YOUR GOAL –
Return the data that follows exactly as it appears. Pictures do not belong in the copy.

Extracted records

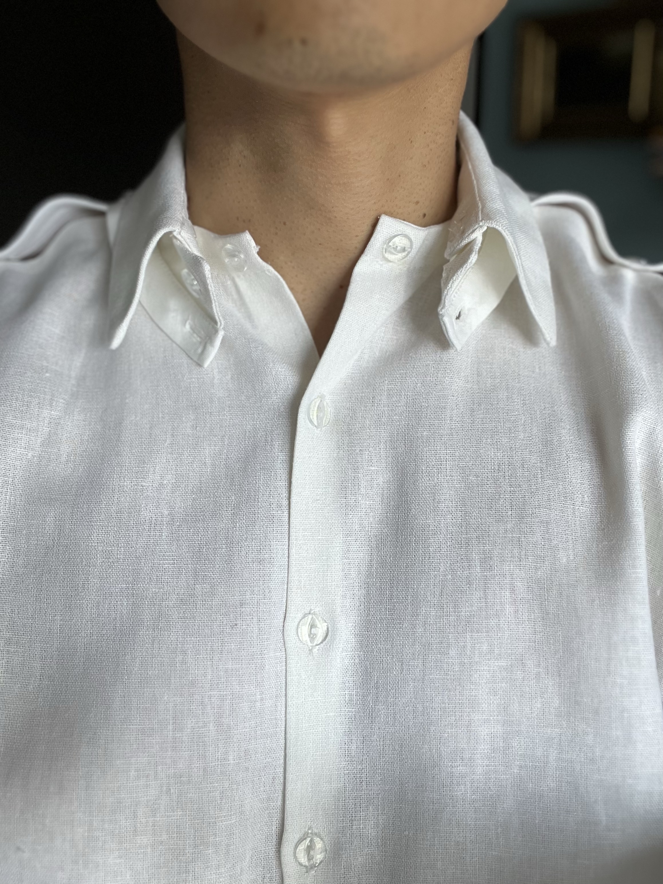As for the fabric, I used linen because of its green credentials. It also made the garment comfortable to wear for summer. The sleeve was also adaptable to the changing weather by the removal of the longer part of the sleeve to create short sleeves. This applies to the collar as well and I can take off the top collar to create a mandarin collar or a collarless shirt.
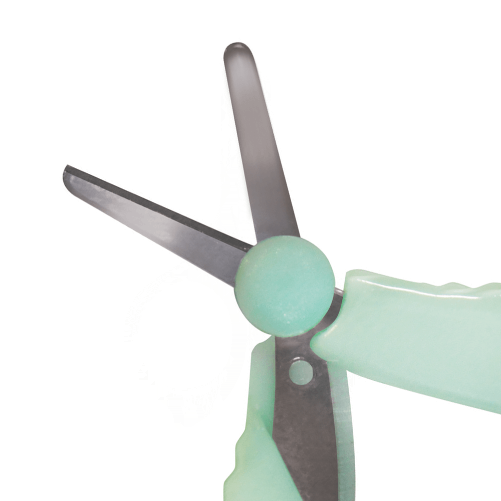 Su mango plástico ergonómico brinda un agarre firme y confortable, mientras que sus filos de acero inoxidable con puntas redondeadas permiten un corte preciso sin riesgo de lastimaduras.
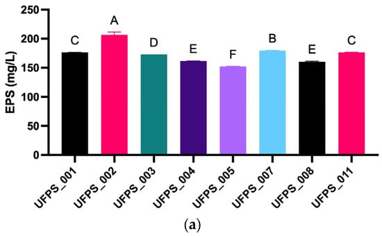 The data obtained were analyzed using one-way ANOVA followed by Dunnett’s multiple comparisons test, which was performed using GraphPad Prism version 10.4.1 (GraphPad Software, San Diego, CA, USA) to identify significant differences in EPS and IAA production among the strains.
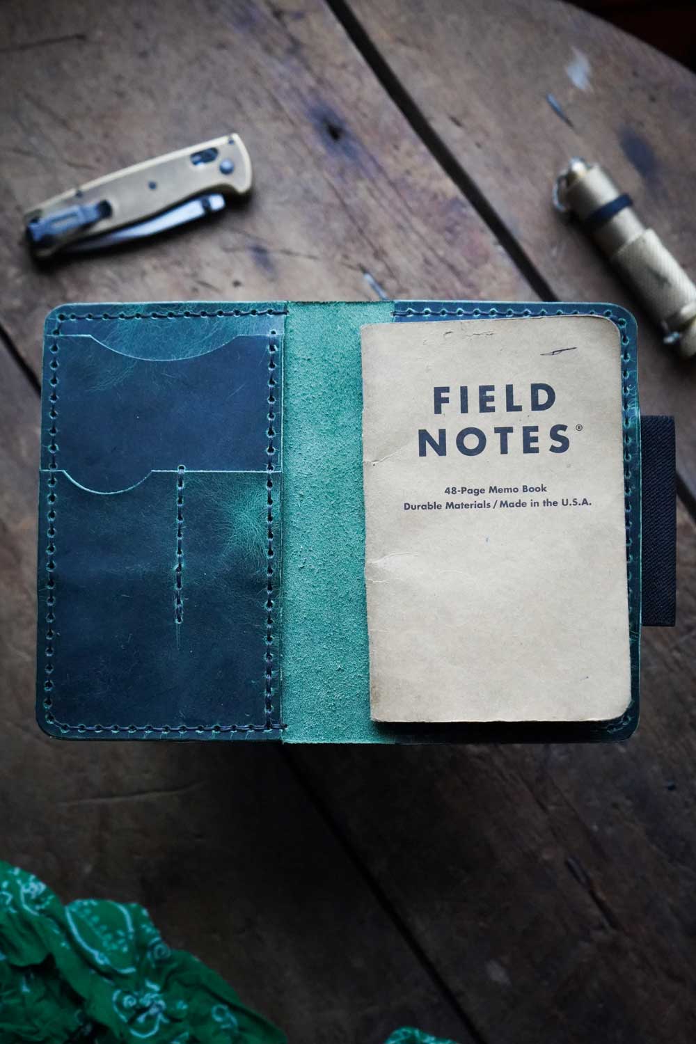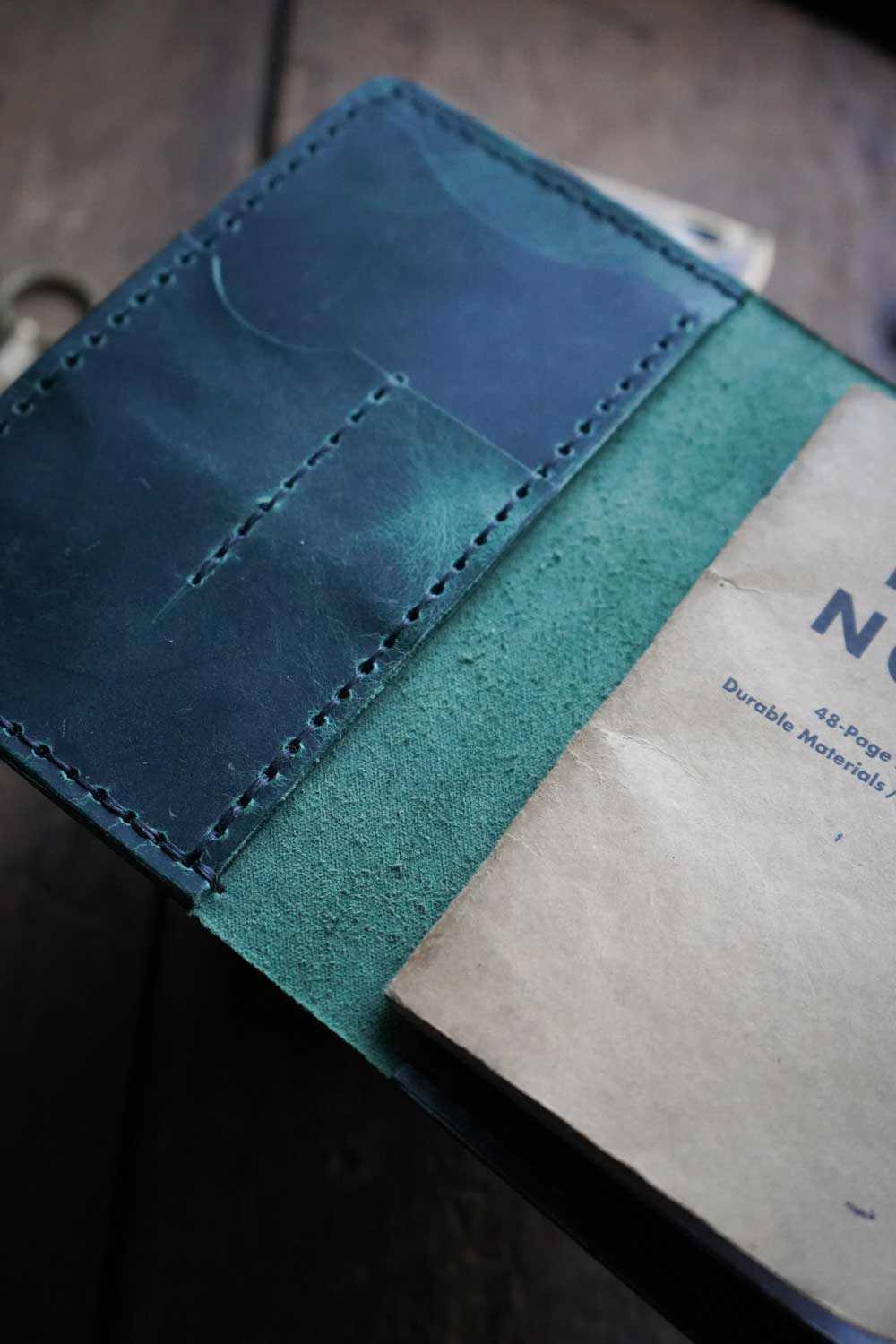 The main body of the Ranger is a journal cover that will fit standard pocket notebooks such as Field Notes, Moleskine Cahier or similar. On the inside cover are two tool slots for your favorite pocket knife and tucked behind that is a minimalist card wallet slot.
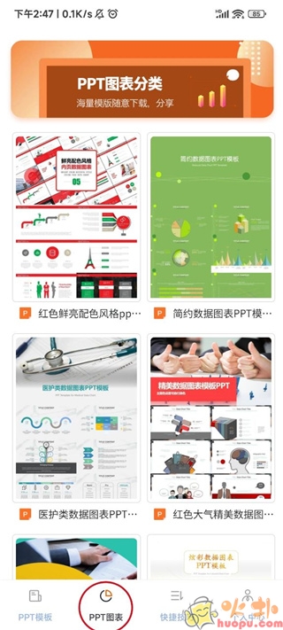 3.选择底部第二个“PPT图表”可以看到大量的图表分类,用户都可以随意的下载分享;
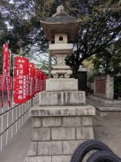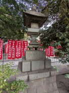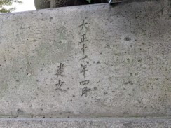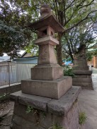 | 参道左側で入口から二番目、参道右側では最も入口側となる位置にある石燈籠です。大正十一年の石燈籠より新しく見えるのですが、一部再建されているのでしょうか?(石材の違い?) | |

SOLUTION TO THIS EXERCISE –
As for the fabric, I used linen because of its green credentials. It also made the garment comfortable to wear for summer. The sleeve was also adaptable to the changing weather by the removal of the longer part of the sleeve to create short sleeves. This applies to the collar as well and I can take off the top collar to create a mandarin collar or a collarless shirt.
 Su mango plástico ergonómico brinda un agarre firme y confortable, mientras que sus filos de acero inoxidable con puntas redondeadas permiten un corte preciso sin riesgo de lastimaduras.
 The data obtained were analyzed using one-way ANOVA followed by Dunnett’s multiple comparisons test, which was performed using GraphPad Prism version 10.4.1 (GraphPad Software, San Diego, CA, USA) to identify significant differences in EPS and IAA production among the strains.
 The main body of the Ranger is a journal cover that will fit standard pocket notebooks such as Field Notes, Moleskine Cahier or similar. On the inside cover are two tool slots for your favorite pocket knife and tucked behind that is a minimalist card wallet slot.
 3.选择底部第二个“PPT图表”可以看到大量的图表分类,用户都可以随意的下载分享;
 | 参道左側で入口から二番目、参道右側では最も入口側となる位置にある石燈籠です。大正十一年の石燈籠より新しく見えるのですが、一部再建されているのでしょうか?(石材の違い?) | |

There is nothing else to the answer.